James Rickards is a hedge fund manager in New York City and the author of “Currency Wars: The Making of the Next Global Crisis” from Portfolio/Penguin. Follow on Twitter @JamesGRickards.
For those who comment on the role of gold in the international monetary system, one of the most frequently asked questions involves the existence of the U.S. gold hoard. Officially the U.S. Treasury is in possession of 8,133 metric tons of gold stored mostly in two large depositories—Ft. Knox, Ky. and West Point, N.Y.—with smaller amounts on deposit at the Denver Mint and the Federal Reserve Bank of New York.
Yet, as a writer and speaker on the role of gold, the most frequent question I encounter is, "How do you know the gold is actually there?" or some variant. The suggestion is always that the United States long ago dumped its gold on world markets to suppress the price and that the vaults in Ft. Knox are actually empty or, at most, filled with tungsten bars lightly coated with gold paint.

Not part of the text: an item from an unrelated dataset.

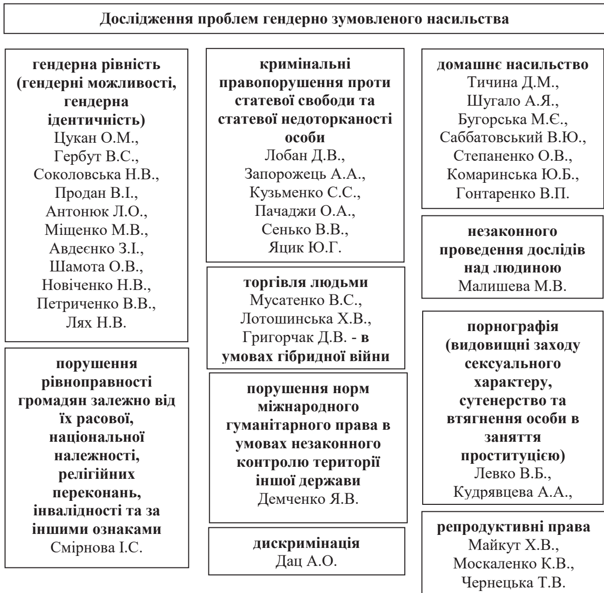
Рис. 3. Структура наукової проблематики гендерно зумовленого насильства, розподілена за напрямками досліджень українських вчених у 2021 році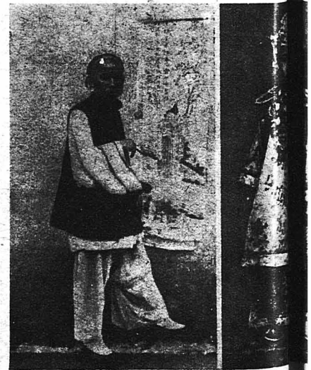
ΤΡΕΙΣ ΤΥΦΟΙ ΚΙΝΕΖΩΝ. - Κινέζος καλλιτέχνης.

Invariably these critics point to the fact that the Treasury will not permit an audit of the gold as proof of their suspicion. A proper audit would verify both the quantity and purity of the U.S. gold hoard. Ideally, each gold ingot would be individually numbered and tested and at the end a reputable nongovernment auditor such as a major accounting firm would attest a complete inventory of separately numbered ingots. This should be a fairly straightforward task. The failure to conduct the audit is perennially advanced as evidence that the gold does not exist.
Analysis should always be based on the best available evidence and not speculation. I have seen some evidence, gathered from military and Treasury officials, that the gold is where the government says it is. I have seen no evidence whatsoever that it is not. Based on this, I assume the gold is there. If I learn differently someday, I'll change my view, but until then I'll base my economic and monetary analyses on the fact that the United States is the proud owner of 8,133 metric tons.
But what about the audit? What harm can there be in that if the gold is where the Treasury says it is?
There are two powerful reasons not to do the audit even if the gold is in the vaults. The first has to do with the credibility of gold as a component of international reserves and monetary systems in general. Gold was officially demonetized by the International Monetary Fund in 1973 not long after President Nixon ended the convertibility of dollars into gold in 1971. Since then gold has been continually disparaged as a monetary asset, most recently in the remarks of Federal Reserve Chairman Ben Bernanke that the possession of gold by the United States was a mere "tradition." If that were so, why would the United States audit something so unimportant? An audit suggests that gold is somehow meaningful and deserving of respect. The official position is that gold is a legacy asset of no particular importance. In this context, refusing an audit makes sense. An audit would give gold too much credit and start to erode the official propaganda that gold is not a monetary asset. After all, no one audits the number of acorns in the national parks—they are too unimportant.
Another reason has to do with not calling attention to a host of ancillary questions. Assume the audit were conducted and everything was in good order, that the United States had the right number of ingots of 99.99 percent purity and everything was numbered and in its place. This would immediately lead to other questions. Is the gold leased? To whom? On what terms?
Some naively assume that if the gold is leased to commercial banks such as J.P. Morgan that the leasing bank backs up a truck and takes it away. That is not true. The gold can be leased in paper transactions without ever leaving Ft. Knox or West Point. The leased gold can then be rehypothecated by J.P. Morgan to other banks and so on until multiple parties all claim some title to the same physical gold. That gold goes on to support an even larger inverted pyramid of "paper gold" transactions in futures, options, forwards, swaps, and so-called unallocated storage. One reason not to do an audit is to avoid all of the awkward legal title questions that would arise once the physical existence issue was settled. The Treasury would rather ignore gold than open Pandora's Box.
Gold remains the 8,000 ton gorilla in the room; the thing that is too big to ignore but that no one wants to discuss. The international monetary system and the role of the dollar are in dire straits even if all of the gold is where it is supposed to be. It is not necessary to fantasize about phantom gold in order to see that a monetary crisis is imminent. The Fed and Treasury refusal to audit gold is part of their painstaking effort to deny that gold is still at the heart of the system. No more elaborate explanation is required.